◆ **EXERCISE**:
Apart from the images, output the data below exactly.
[[ SOURCE MATERIAL, beginning ]]
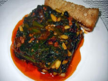 Ingredientes:1 kg. de Espinacas congeladas90 g. de taquitos de Jamón.1 cuch. sopera de Piñones.1 cuch. de Pasas de Corinto.3 dientes de Ajo.3 cuch. de Tomate frito
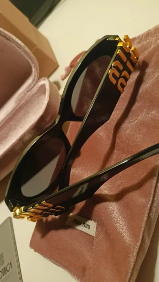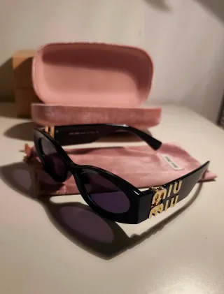 Eleganti occhiali da sole Miu Miu con montatura nera e dettagli dorati. Perfetti per completare ogni look. - Montatura in acetato nero. - Lenti viola - Logo Miu Miu dorato sulle aste. Regalo del mio ex, voglio disfarmene
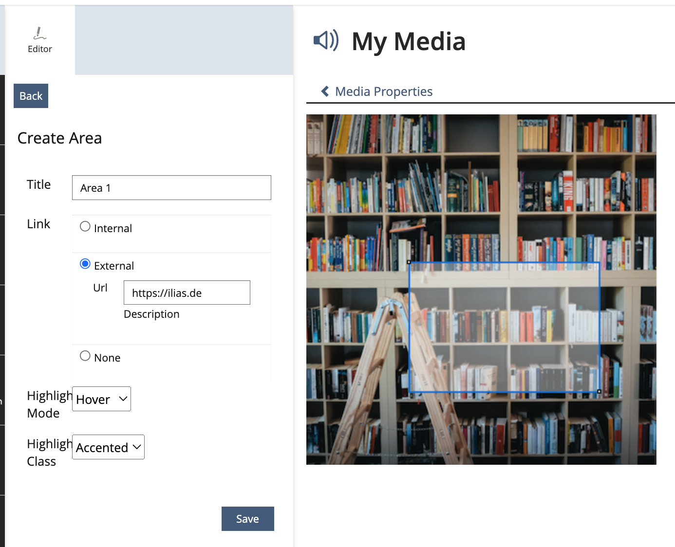 After clicking "Save" ILIAS will save the new area and return to the overview only, if the link type is "External" or "None".
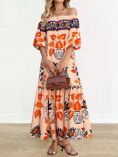 Breezaya Women's Bohemian Style Off Shoulder Dress - Multicolor - View 1
[[ SOURCE MATERIAL, end ]]
◆ **EXPECTED ANSWER**:
 Ingredientes:1 kg. de Espinacas congeladas90 g. de taquitos de Jamón.1 cuch. sopera de Piñones.1 cuch. de Pasas de Corinto.3 dientes de Ajo.3 cuch. de Tomate frito
 Eleganti occhiali da sole Miu Miu con montatura nera e dettagli dorati. Perfetti per completare ogni look. - Montatura in acetato nero. - Lenti viola - Logo Miu Miu dorato sulle aste. Regalo del mio ex, voglio disfarmene
 After clicking "Save" ILIAS will save the new area and return to the overview only, if the link type is "External" or "None".
 Breezaya Women's Bohemian Style Off Shoulder Dress - Multicolor - View 1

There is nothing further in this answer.